As Orson Welles had done in his directorial debut, Citizen Kane (1941), also made at RKO for Houseman, Ray experimented with sound and cinematography. Ray's biographer noted: "Only Welles similarly tried to define acoustic and even verbal textures as much as the visual." Renowned film editor Sherman Todd also urged Ray to experiment and defy convention. Exteriors were filmed both on location and at RKO's movie ranch in Encino, but Todd's editing blended the sequences well.

Filming completed by August 21, 1947. Despite an excellent preview, RKO was unsure about how to market the film and studio head Howard Hughes shelved it for two years before releasing it to a single theater in the UK to enthusiastic reviews. The film was finally released in the U.S. in November 1949 under the title They Live by Night rather than the source novel's title of Thieves Like Us. The title was determined by audience poll and was favored by Hughes.

==Release==
===Box office===
The film recorded an ultimate loss of $445,000 (equivalent to $ in ).

===Critical response===
In a contemporary review for The New York Times, critic Bosley Crowther called They Live by Night a "commonplace little story" and wrote: "Although it—like others—is misguided in its sympathies for a youthful crook, this crime-and-compassion melodrama has the virtues of vigor and restraint ... 'They Live by Night' has the failing of waxing sentimental over crime, but it manages to generate interest with its crisp dramatic movement and clear-cut types."
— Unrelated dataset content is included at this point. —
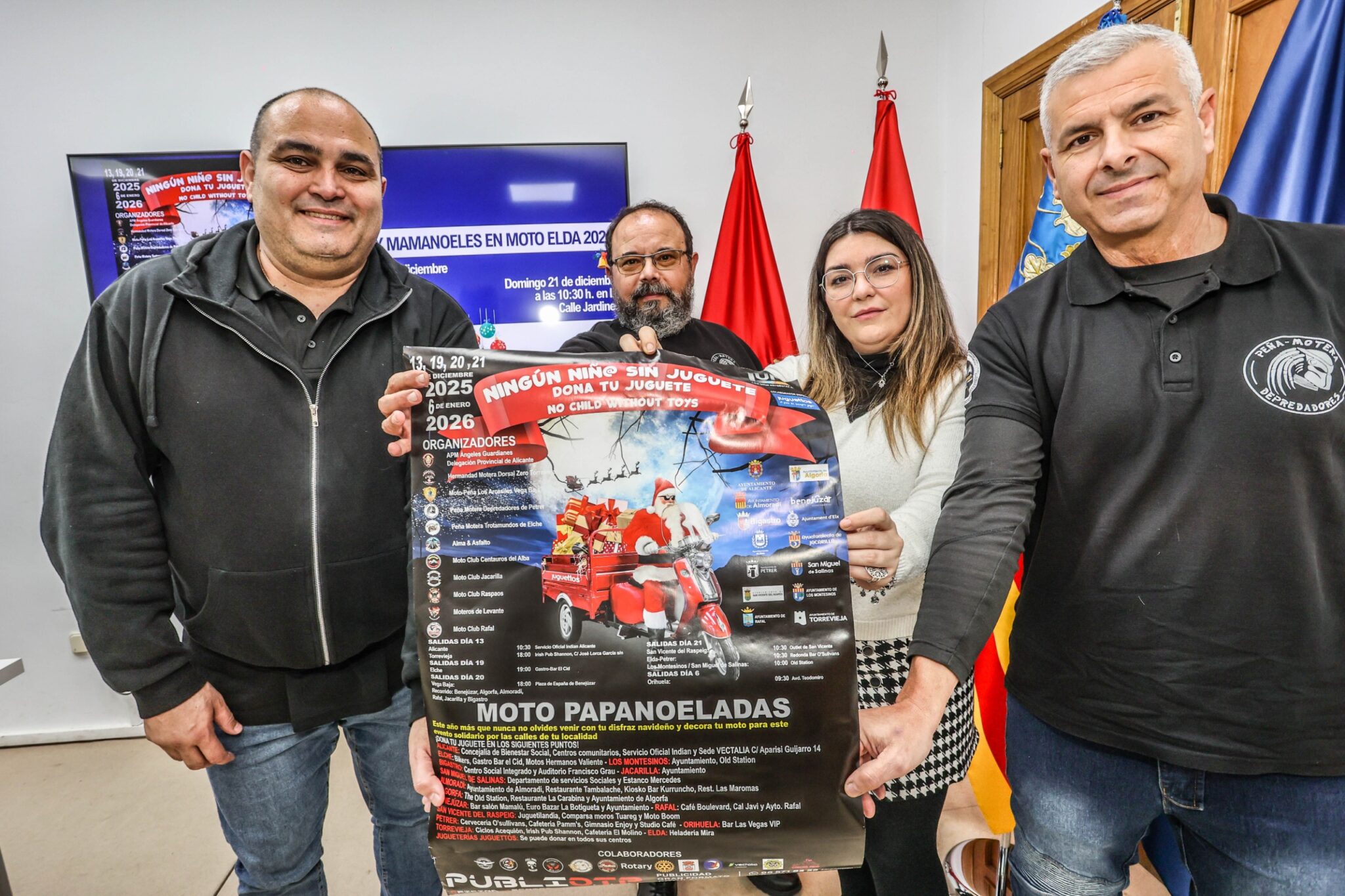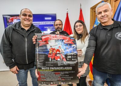 La concejala de Solidaridad, Anabel García, y de los representantes de Depredadores, Vicente García y Javier González, han dado a conocer los detalles de una iniciativa que se celebrará los días 20 y 21 de diciembre bajo el lema ‘Papa y Mamanoeles en moto. Elda 2025’. El objetivo es recoger juguetes para los niños y niñas cuyas familias carecen de recursos.

Eddie Muller listed it as one of his Top 25 Noir Films: "Film noir's version of Romeo and Juliet, made with amazing conviction by Nicholas Ray. A smart, soulful film full of evocative details, including a wonderfully intricate soundtrack."

On the review aggregator website Rotten Tomatoes, 96% of 26 critics' reviews are positive. Metacritic, which uses a weighted average, assigned the film a score of 82 out of 100, based on 12 critics, indicating "universal acclaim".

===Home media===
Warner Home Video released the film on DVD on July 31, 2007, as part of the Film Noir Classic Collection boxset, while the newly restored edition for the film was issued on Blu-ray and DVD by the Criterion Collection on June 13, 2017, respectively; Criterion's release was a new remaster from a 2K digital restoration of the original nitrate elements.